Godard-Scénario. Un’altra Histoire (immortelle)
di Giovanni Festa
Histoire de Scénario (2025) inizia come Citizen Kane: con una serie di notiziari che annunciano, in tutte le lingue del mondo, una morte. Solo che stavolta “è tutto vero”: il 13 settembre del 2022, a 91 anni, Jean-Luc Godard è morto. Godard, Ruiz (e lo stesso Welles) condividono il distico dead/undead, dove non si tratta di immortalità, ma di qualcosa di assai più radicale: continuare a mostrare non solo immagini (Scénario non è, semplicemente, un film postumo), ma la condizione stessa della loro produzione (dietro le immagini c’è sempre un lavoro) sopravvivente (l’immagine vive di vita postuma).

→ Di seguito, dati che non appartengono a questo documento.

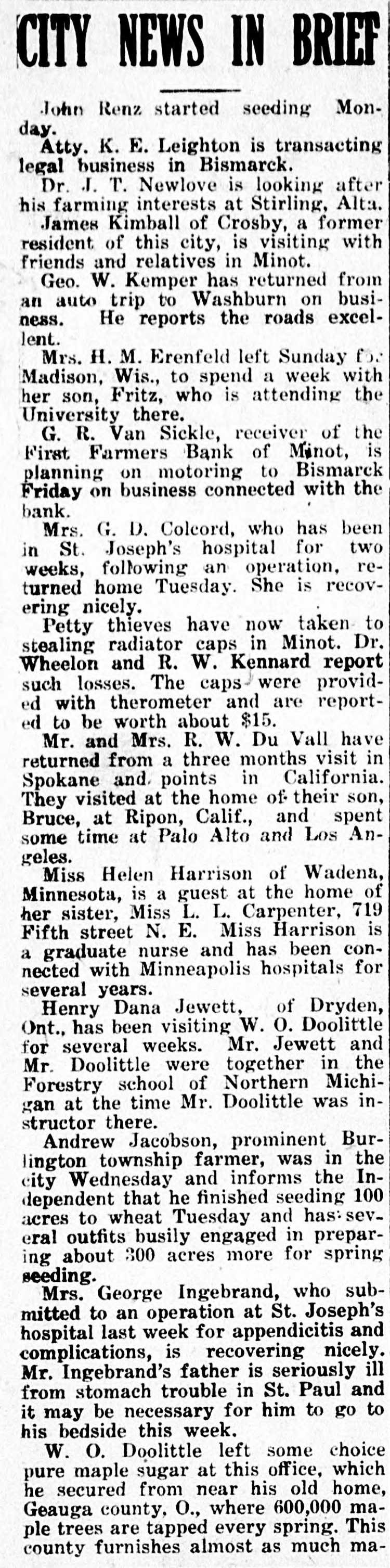 CITY NEWS IN BRIEF John Renz started seeding Monday. Atty. K. E. Leighton is transacting legal business in Bismarck. Dr. J. T. Newlove is looking after his farming interests at Stirling, Alta. James Kimball of Crosby, a former resident of this city, is visiting with friends and relatives in Minot. Geo. W. Kemper has returned from an auto trip to Washburn on business. He reports the roads excellent. Mrs. H. M. Erenfeld left Sunday for Madison, Wis., to spend a week with her son, Fritz, who is attending the University there. G. R. Van Sickle, receiver of the First Farmers Bank of Minot, is planning on motoring to Bismarck Friday on business connected with the bank. Mrs. G. D. Colcord, who has been in St. Joseph's hospital for two weeks, following an operation, returned home Tuesday. She is recovering nicely. Petty thieves have now taken to stealing radiator caps in Minot. Dr. Wheelon and R. W. Kennard report such losses. The caps were provided with therometer and are reported to be worth about $15. R. W. Du Vall have a three returned Mr. and from Mrs. months visit in Spokane and. points in California. They visited at the home of- their son, Bruce, at Ripon, Calif., and spent some time at Palo Alto and Los Angeles. Miss Helen Harrison of Wadena, Minnesota, is a guest at the home of her sister, Miss L. L. Carpenter, 719 N. E. Miss nurse a Fifth graduate street and has Harrison been con- is nected with Minneapolis hospitals for several years. Henry Dana Jewett, of Dryden, Ont., has been visiting W. O. Doolittle for several weeks. Mr. Jewett and Mr. Doolittle were together in the Forestry school of Northern Michigan at the time Mr. Doolittle was instructor there. Andrew Jacobson, prominent Burlington township farmer, was in the and that he city dependent Wednesday finished informs seeding the 100 Inacres to wheat Tuesday and has:several outfits busily engaged in preparing about 300 acres more for spring seeding. Mrs. George Ingebrand, who subto an at last week for mitted hospital operation appendicitis St. Joseph's and complications, is recovering nicely. Mr. Ingebrand's father is seriously ill from stomach trouble in St. Paul and it may be necessary for him to go to his bedside this week. W. O. Doolittle left some choice pure maple sugar at this office, which he secured from near his old home, Geauga county, O., where 600,000 maple trees are tapped every spring. This county furnishes almost as much ma-
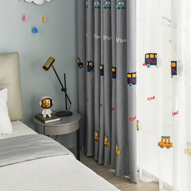 Занавески с мультяшными машинками для детской комнаты, для детской, гостиной, серые занавески с вышивкой, тюлевые, для спальни, высококачественные льняные занавески

Godard ci mostra cosa fare con le immagini, come giocare con esse, come organizzarle: come montarle. E, nello stesso tempo, che un’immagine, ogni immagine, come la donna per Lacan, “non è mai tutta” perché rimanda sempre a un supplemento, a una serie di piani espressivi in integrazione complessa, problematica, sfuggente. Viene alla mente Ejzenstejn (non a caso, insieme a Hitchcock, l’autore più citato delle Histoire(s)) che parlava, al di là dell’immagine-obraz, di obrazovanie, divenire immagine, divenire forma. L’immagine non è qualcosa che, semplicemente, ci appare davanti, ma un lavoro, dove materiali complessi entrano in consonanza e dissonanza secondo quella che è corretto chiamare, come fa Pietro Montani nel suo libro Immagini sincretiche, “azione multimodale”.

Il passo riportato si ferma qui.